_TASK ITEM_
The line that contains "中老年人女夏装套装奶奶中袖上衣妈妈国风老人衣服两件套太太唐装" marks the start. Please set it down, with every later line of the data, exactly and without pictures.

◇ ◇ ◇ ◇

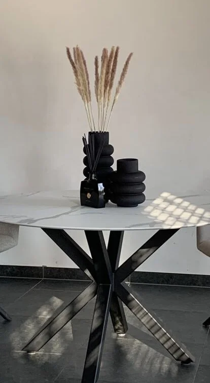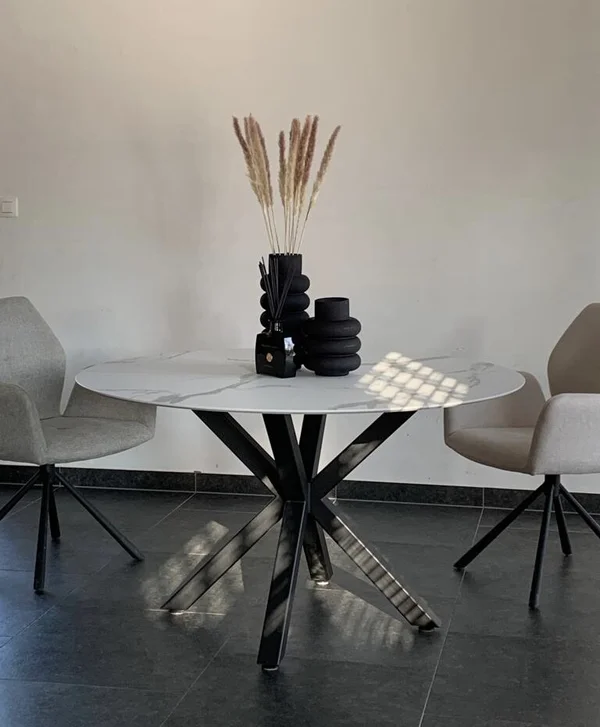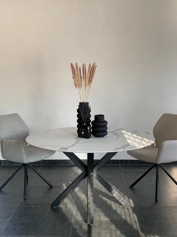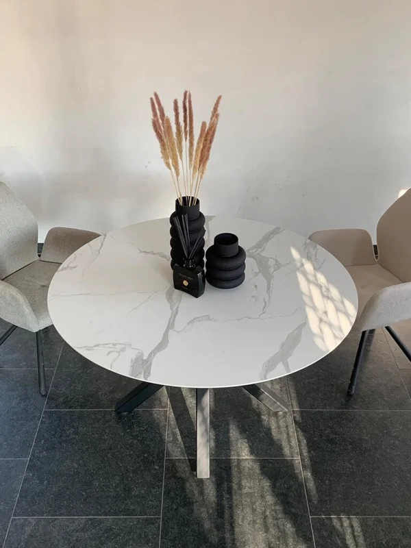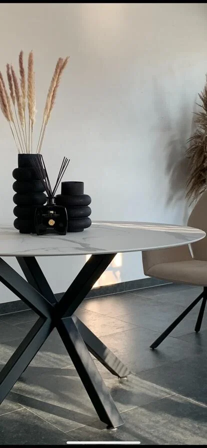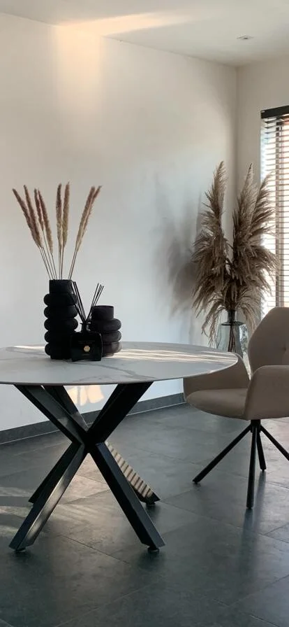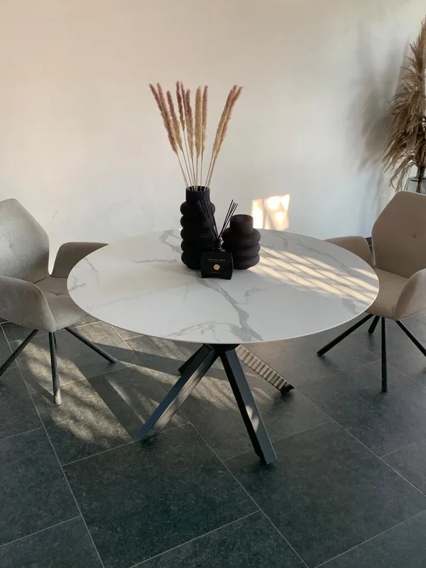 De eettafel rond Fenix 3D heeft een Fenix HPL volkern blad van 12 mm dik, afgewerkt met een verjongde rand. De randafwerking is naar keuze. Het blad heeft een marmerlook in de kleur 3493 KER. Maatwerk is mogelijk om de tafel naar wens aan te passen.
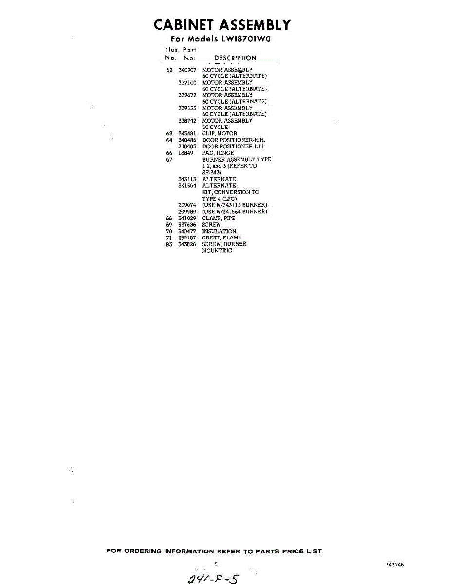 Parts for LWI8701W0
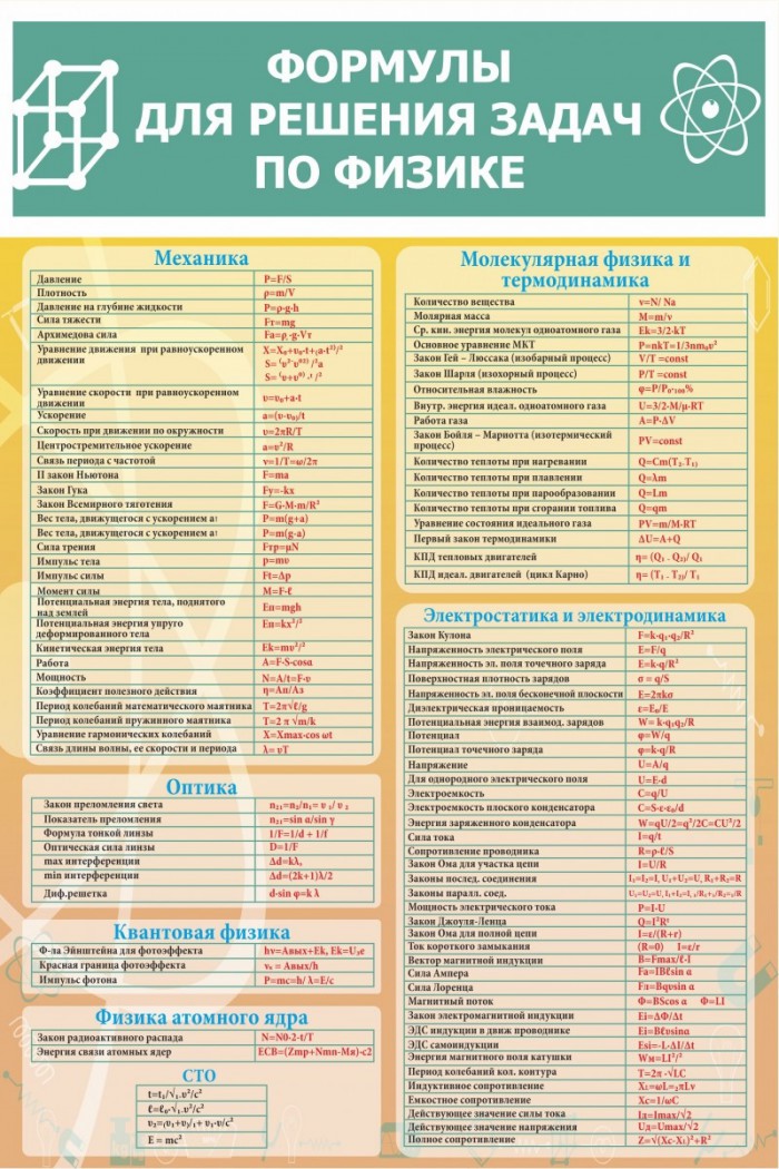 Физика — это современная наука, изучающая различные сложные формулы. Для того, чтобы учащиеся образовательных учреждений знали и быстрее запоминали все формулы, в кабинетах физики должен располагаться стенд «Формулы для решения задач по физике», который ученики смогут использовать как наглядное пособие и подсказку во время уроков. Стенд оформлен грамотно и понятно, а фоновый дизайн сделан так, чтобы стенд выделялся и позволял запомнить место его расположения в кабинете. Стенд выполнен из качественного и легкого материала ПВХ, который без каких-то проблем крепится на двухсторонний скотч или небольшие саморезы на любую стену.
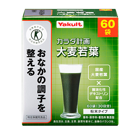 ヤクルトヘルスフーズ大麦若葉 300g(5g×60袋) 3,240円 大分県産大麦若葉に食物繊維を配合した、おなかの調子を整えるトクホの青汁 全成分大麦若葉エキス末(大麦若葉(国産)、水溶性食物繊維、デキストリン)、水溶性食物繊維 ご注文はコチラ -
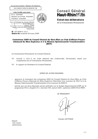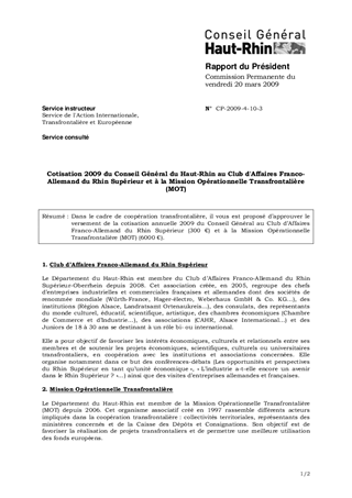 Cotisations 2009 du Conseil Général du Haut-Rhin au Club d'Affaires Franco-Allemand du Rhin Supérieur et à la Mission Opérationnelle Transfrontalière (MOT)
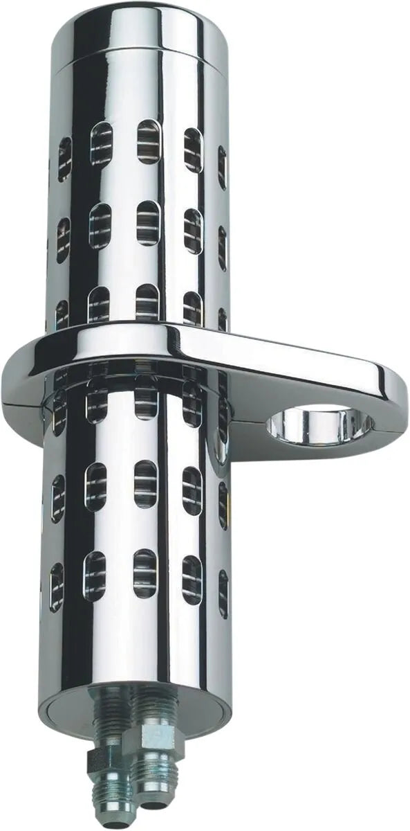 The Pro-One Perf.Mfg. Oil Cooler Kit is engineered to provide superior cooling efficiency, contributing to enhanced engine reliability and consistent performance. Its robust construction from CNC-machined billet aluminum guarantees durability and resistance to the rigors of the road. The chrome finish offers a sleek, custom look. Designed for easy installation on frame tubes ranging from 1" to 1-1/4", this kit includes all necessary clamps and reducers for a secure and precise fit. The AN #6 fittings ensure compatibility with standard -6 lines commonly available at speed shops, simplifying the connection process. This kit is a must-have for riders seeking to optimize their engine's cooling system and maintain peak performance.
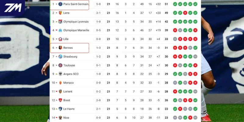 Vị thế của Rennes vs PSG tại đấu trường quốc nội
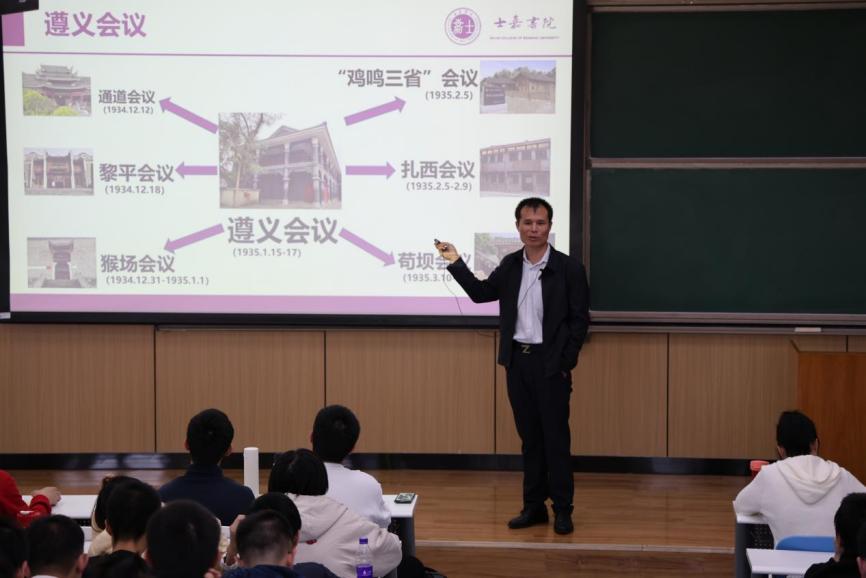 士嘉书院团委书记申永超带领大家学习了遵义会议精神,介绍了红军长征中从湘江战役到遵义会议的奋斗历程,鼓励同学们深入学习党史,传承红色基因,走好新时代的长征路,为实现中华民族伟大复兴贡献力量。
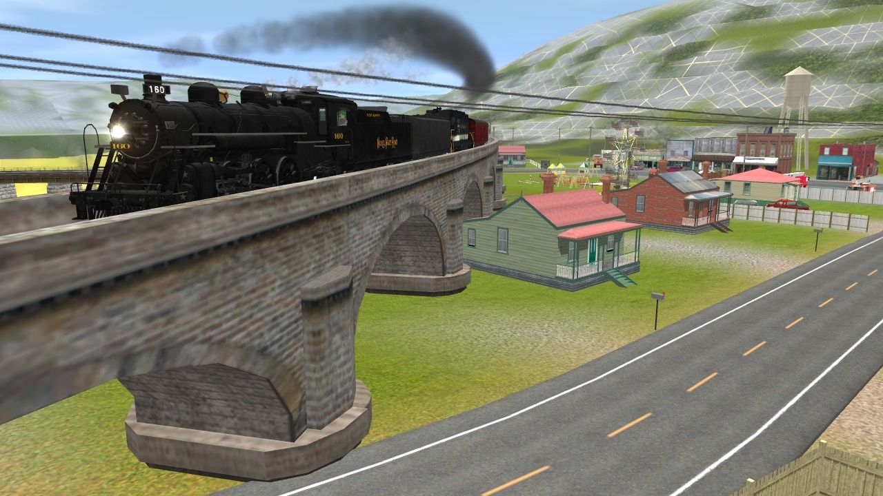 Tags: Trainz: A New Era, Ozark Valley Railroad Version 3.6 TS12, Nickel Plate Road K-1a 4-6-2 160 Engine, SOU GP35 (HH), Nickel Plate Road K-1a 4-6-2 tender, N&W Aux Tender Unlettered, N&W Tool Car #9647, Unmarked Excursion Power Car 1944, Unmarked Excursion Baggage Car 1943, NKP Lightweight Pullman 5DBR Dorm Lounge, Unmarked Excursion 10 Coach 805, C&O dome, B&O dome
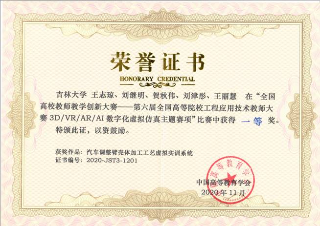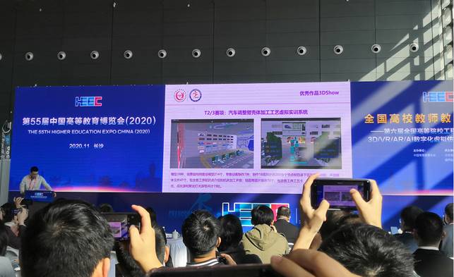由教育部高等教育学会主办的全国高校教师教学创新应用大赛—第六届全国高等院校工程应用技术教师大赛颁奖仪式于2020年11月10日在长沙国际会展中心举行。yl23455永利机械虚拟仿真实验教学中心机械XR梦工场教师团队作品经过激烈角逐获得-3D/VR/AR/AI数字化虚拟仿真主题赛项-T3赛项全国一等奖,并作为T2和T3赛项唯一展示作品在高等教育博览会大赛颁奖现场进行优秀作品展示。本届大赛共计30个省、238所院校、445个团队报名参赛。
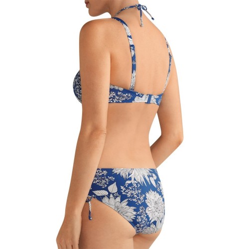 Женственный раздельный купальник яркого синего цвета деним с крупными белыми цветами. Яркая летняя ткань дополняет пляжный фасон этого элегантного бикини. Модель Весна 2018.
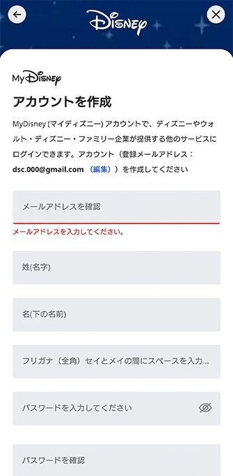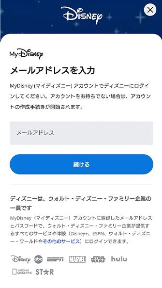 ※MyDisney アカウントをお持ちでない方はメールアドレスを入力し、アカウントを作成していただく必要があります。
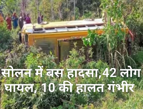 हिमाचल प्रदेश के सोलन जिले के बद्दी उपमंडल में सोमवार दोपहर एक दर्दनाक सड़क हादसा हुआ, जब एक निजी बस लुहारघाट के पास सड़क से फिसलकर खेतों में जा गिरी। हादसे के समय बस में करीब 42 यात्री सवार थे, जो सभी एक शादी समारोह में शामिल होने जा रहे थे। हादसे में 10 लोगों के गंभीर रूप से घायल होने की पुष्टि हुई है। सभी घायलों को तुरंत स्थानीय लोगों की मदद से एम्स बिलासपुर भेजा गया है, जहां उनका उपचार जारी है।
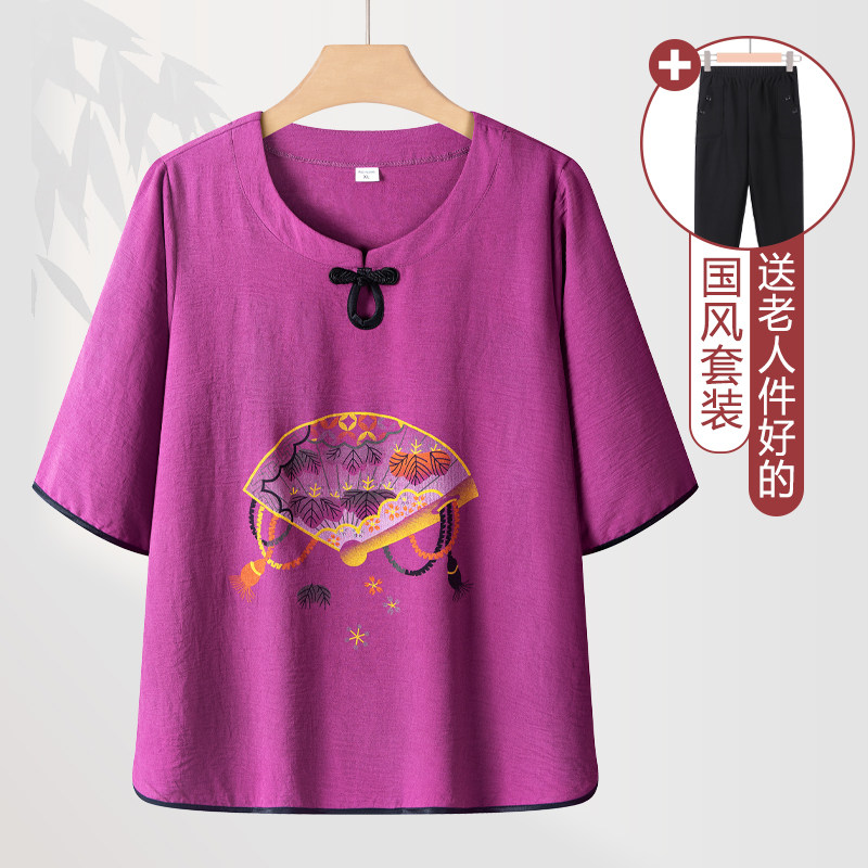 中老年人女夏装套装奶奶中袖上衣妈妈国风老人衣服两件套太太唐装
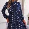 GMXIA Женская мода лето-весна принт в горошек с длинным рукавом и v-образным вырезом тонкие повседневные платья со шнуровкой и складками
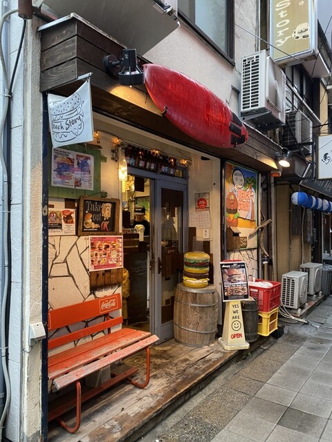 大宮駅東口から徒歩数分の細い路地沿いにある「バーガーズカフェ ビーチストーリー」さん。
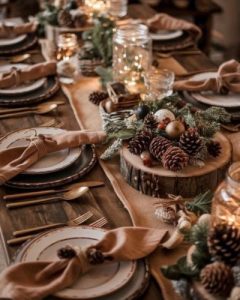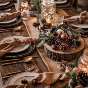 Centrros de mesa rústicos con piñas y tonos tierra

◇ ◇ ◇ ◇

_SOLUTION TO THE PROBLEM_
 中老年人女夏装套装奶奶中袖上衣妈妈国风老人衣服两件套太太唐装
 GMXIA Женская мода лето-весна принт в горошек с длинным рукавом и v-образным вырезом тонкие повседневные платья со шнуровкой и складками
 大宮駅東口から徒歩数分の細い路地沿いにある「バーガーズカフェ ビーチストーリー」さん。
 Centrros de mesa rústicos con piñas y tonos tierra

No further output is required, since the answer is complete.